Character. String with the species name. Scientific names at genus-species level are expected; fuzzy matching is available when search = FALSE.

Logical. If TRUE (default), use a strict GBIF backbone search and keep only species-, subspecies-, or variety-level matches. If FALSE, use a more permissive search and optionally rely on rank, phylum, class, order, and family to resolve ambiguous matches.

rank

Character. String giving the preferred rank to keep: "SPECIES", "SUBSPECIES", or "VARIETY". When NULL, rank priority is inferred from sp_name.

phylum

Optional character. Phylum used to disambiguate alternative GBIF matches. Particularly useful for hemihomonyms.

class

Optional character. Class used to disambiguate alternative GBIF matches.

order

Optional character. Order used to disambiguate alternative GBIF matches.

family

Optional character. Family used to disambiguate alternative GBIF matches.

conf_match

Numeric. Confidence threshold between 0 and 100 for the GBIF backbone match. Default is 80.

level

Character. Controls how much of the GBIF taxon concept is returned. "accepted" (default) returns the accepted name and its synonyms. "children" additionally includes infra-specific taxa (subspecies, varieties) as CHILDREN rows, mirroring the scope of get_gbif(). "all" further adds alternative name string representations (orthographic variants, etc.) as RELATED rows, which are not used by get_gbif() and are intended for taxonomic inspection only.

Value

A data frame with the columns canonicalName, rank, gbif_key, scientificName, gbif_status, Genus, Family, Order, Class, Phylum, IUCN_status, and sp_nameMatch. The row with gbif_status = "ACCEPTED" identifies the accepted GBIF taxon concept used by get_gbif(), while sp_nameMatch marks the row that most closely matches the submitted input name. Additional rows carry gbif_status = "CHILDREN" (infra-specific taxa, when level = "children" or level = "all") or gbif_status = "RELATED" (alternative name representations, when level = "all").

Details

Use get_status() before get_gbif() when you want to inspect how GBIF resolves an input name, which name is treated as the accepted backbone taxon, and which synonyms are included in the taxon concept used for occurrence retrieval.

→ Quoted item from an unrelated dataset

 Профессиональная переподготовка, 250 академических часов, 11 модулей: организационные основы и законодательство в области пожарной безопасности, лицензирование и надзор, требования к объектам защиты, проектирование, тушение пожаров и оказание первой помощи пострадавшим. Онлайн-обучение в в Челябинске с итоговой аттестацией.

When level = "accepted", the returned rows correspond to the accepted name and synonyms linked to the accepted GBIF taxon key. When level = "children", infra-specific taxa that get_gbif() also retrieves are added, giving a complete picture of the occurrence download scope. When level = "all", alternative name representations are further included for taxonomic review.

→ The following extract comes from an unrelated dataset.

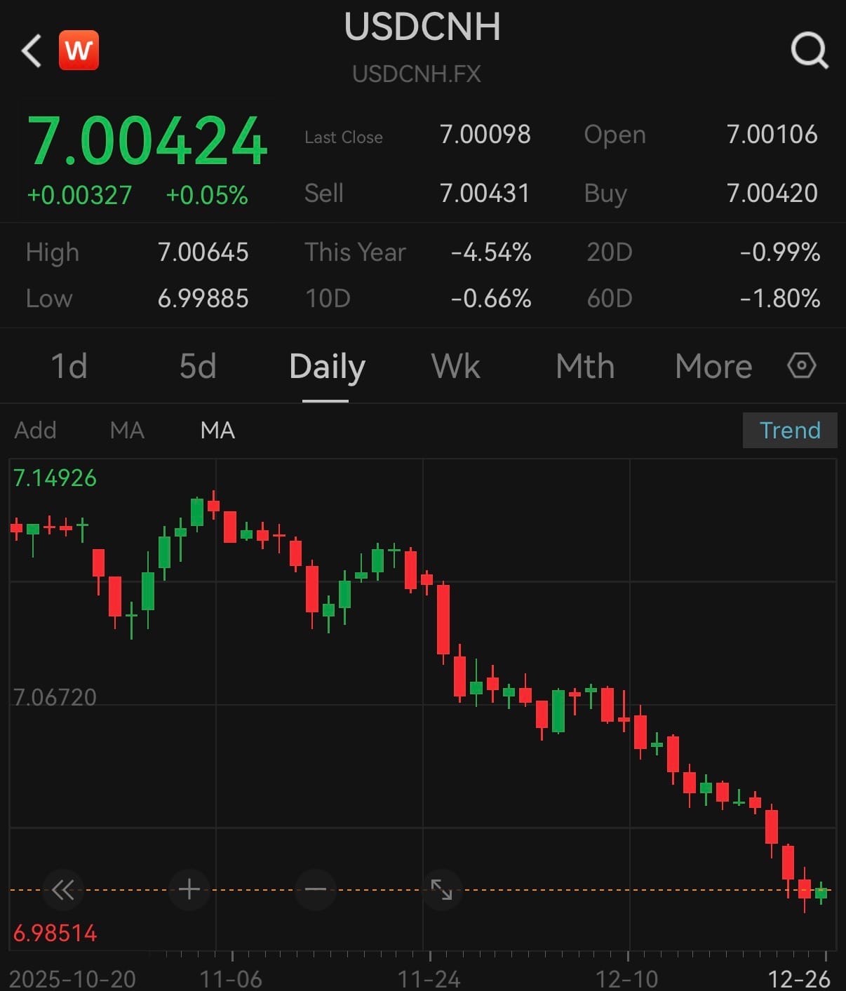 Bu arada fark etmeyenler olabilir. Ofshore kur dün 7'nin altını görmüştü.

IUCN Red List status is retrieved from GBIF for the accepted taxon key only. GBIF does not currently store subspecies-level IUCN assessments, so the IUCN_status column is uniform across all rows. Note that some subspecies have independent IUCN assessments (e.g. Panthera tigris sumatrae is Critically Endangered) that are not reflected here; consult the IUCN Red List directly for infra-specific status.

References

Chamberlain, S., Oldoni, D., & Waller, J. (2022). rgbif: interface to the global biodiversity information facility API. 10.5281/zenodo.6023735

See also

get_gbif() to download occurrences for the accepted taxon concept returned here; the rgbif package for more general approaches to querying the GBIF backbone taxonomy.

Examples

if (FALSE) { # \dontrun{
# --- 1. Default: accepted name + synonyms only ---
tax <- get_status("Panthera tigris")
tax

# --- 2. Include infra-specific taxa (subspecies, varieties) ---
# These are the same keys retrieved by get_gbif()
tax_ch <- get_status("Panthera tigris", level = "children")
tax_ch

# --- 3. Include alternative name string representations (inspection only) ---
# RELATED rows are not used by get_gbif()
tax_rel <- get_status("Panthera tigris", level = "all")
tax_rel

# --- 4. Cross-check get_status() keys against get_gbif() output ---
occ <- get_gbif("Panthera tigris", has_xy = TRUE, verbose = FALSE)
valid_keys    <- tax_ch$gbif_key[tax_ch$gbif_status %in% c("ACCEPTED", "CHILDREN")]
returned_keys <- unique(occ$acceptedTaxonKey)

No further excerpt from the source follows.